Личный салон-вагон великого князя был прицеплен к обычному рейсовому составу и прибыл в город по расписанию. О чем мне тут же доложили дежурившие на вокзале сотрудники недавно сформированной службы безопасности. Павел Александрович, практически без помпы (среди встречающих даже градоначальника не было!), проследовал в гостиницу, где заранее забронировал номер. Некоторую пикантность сему поступку придавал тот факт, что за полгода до того именно эти апартаменты занимал я, пока не переехал в собственный особняк на территории Стальграда.

Весь следующий день у великого князя ушел на ознакомление с городом и ярмаркой. А на второй день Павел, взяв с собой только личного адъютанта, нанес визит мне. К чести Александра Ульянова, он и в этот раз даже бровью не повел, стандартно попросив высокопоставленного посетителя сообщить о цели визита.

Наконец, обменявшись паролями про славянский шкаф и кровать с тумбочкой, мы с Павлом Александровичем расселись вокруг столика, на котором уже заранее была сервирована легкая закуска.

Разговор у нас, в отличие от других "переселенцев", пошел несколько иной. Григорий сразу попытался давануть на меня, в лучших традициях советской партноменклатуры. Наверняка машинально, по привычке, но здесь его эго усиливалось менталитетом носителя. Мне, прожившему при советской власти всего лишь десяток детских лет, было, по большому счету, наплевать на его былые заслуги и достижения. И поэтому я относился к Романову без всякого пиетета. Вежливо, но решительно я пресек любые поползновения к доминированию. Получив достойный отпор, Григорий несколько отмяк и, даже извинившись (!!!), перешел на более конструктивный тон.

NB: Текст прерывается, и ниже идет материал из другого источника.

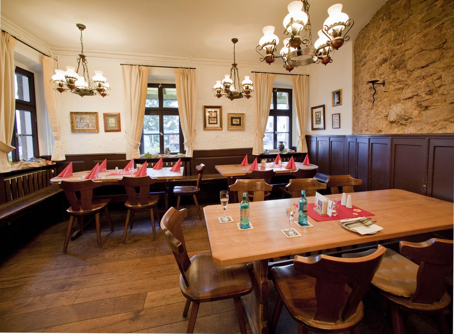 In the beer & cider pub Friedberger Warte we offer typical Hessian specialties. Here you can celebrate in the inner courtyard with up to 200 people. The Stube offers space for up to 45 people.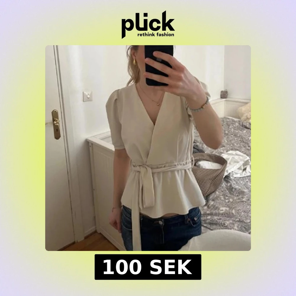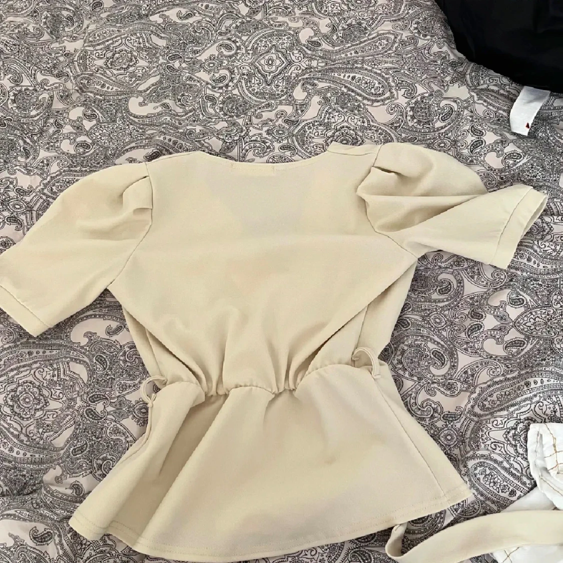 Säljer en beige omlottopp från NA-KD med kort puffärm och knytband i midjan. Toppen har v-ringning och markerad midja som ger en fin siluett. Perfekt till jeans eller kjol för en stilren look.

С Григорием Романовым мы обсудили вопросы создания акционерного общества, подготовили список людей, чьи капиталы составят базовый пакет инвестиций, обсудили первоочередность дел. Расстались довольно скоро, в принципе довольные друг другом. Однако я почувствовал, что дедуля подкинул мне крупную проблему в лице сего "вселенца". Властность так и перла из этого человека. Вот за ним нужен глаз да глаз!

Но с другой стороны, я понял, что, доверив такому человеку проект Транссиба, мы не прогадаем. Все будет сделано в кратчайшие (насколько удастся!) сроки, с напряжением всех сил и средств.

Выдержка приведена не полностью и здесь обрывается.